By Lewis Gould

Add former Inquirer columnist Phil Sheridan to the amen corner of media types who believe that whatever Chip Kelly does with the Eagles will not detour his ultimate return to college coaching.

Ray Didinger has said on many occasions that Kelly has not made “the investment” in being a long-term Eagles coach, the way the slow-talking, slow-thinking Andy Reid did. Yes, Reid made the commitment and he overstayed his welcome — 14 seasons even though the last six were sub-par.

Didinger even wrote in Kelly’s first year, which started 3-5 before ending 10-6, that Kelly would take the vacant USC job!!!!!!!

Which has become the second-best college coaching position in LA after UCLA.

Sheridan left the Inquirer a couple of years ago and now his typing is done for

A sample:

“Because of his marketability at the college level, Kelly is often the center of speculation that he could very easily abandon the Eagles if things don’t go well. He should have the option of whatever top college job opens up. Indeed, some college jobs just might open because a school wants to bring Kelly in. His stock is that high.”

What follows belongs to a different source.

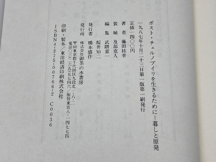 ポスト・チェルノブイリを生きるために: 暮しと原発 御茶の水書房 藤田 祐幸

That paragraph is known the journalism community as fact-free mush.

“Often the center of speculation?” By whom?

“He should have the option of whatever top college job opens up…” Really?

Where are the fact to back up that narrative?

There are none.

Sheridan then went on to enumerate the off-season moves Kelly has made and drew the conclusion that he has overpaid for much of the new talent.

Except he doesn’t put it that way.

An example:

The Dallas Cowboys wanted to hold the line at $24 million over four years for Murray. The Eagles went all the way to $42 million over five years. Oakland was also reportedly in the mix, but it’s fair to wonder if the Eagles overpaid based on the market.

Same with Maxwell. The Seahawks were not trying to compete to keep their starting cornerback. The deal with the Eagles got done very quickly.

Even at lower numbers, the Eagles seemed to be overpaying based on the market. Austin made $2 million last season on a one-year deal with the Cleveland Browns. The Eagles offered him up to $2.3 million. That’s for a player who said he had no other visits scheduled after three weeks on the free-agent market.

“It’s fair to wonder if the Eagles overpaid” is the wimp’s way of saying they overpaid.

Sheridan simply does not have the guts to say that.

He then covers his ass with the last paragraph:

Ultimately, the Eagles likely will be all right. The salary cap has risen each year and kept all but the most careless spending teams from getting into trouble. But it’s fair to wonder if the Eagles will wind up looking for relief from the contracts they’re giving out this offseason, and if that will make the situation in Philadelphia seem less attractive to Kelly in a year or two.

Here’s the thing, Phil.

The reason Kelly cleaned out many of the high-salaried players he inherited from the bumbling Reid and Howie Boy Roseman has less to do with him wanting to have his own players — he retained Brandon Graham, a Reid draft pick — than cleaning out the overspending that Howie Boy did in the past few years of his reign as GM.

Remember Nnamdi What’s His Name and Vince Young back in 2011?

How did that turn out?

Kelly is on track the make the Eagles a real Super Bowl contender.

And all Sheridan is doing is proving why the Inquirer is better off with Mike Sielski who replaced Sheridan as a columnist.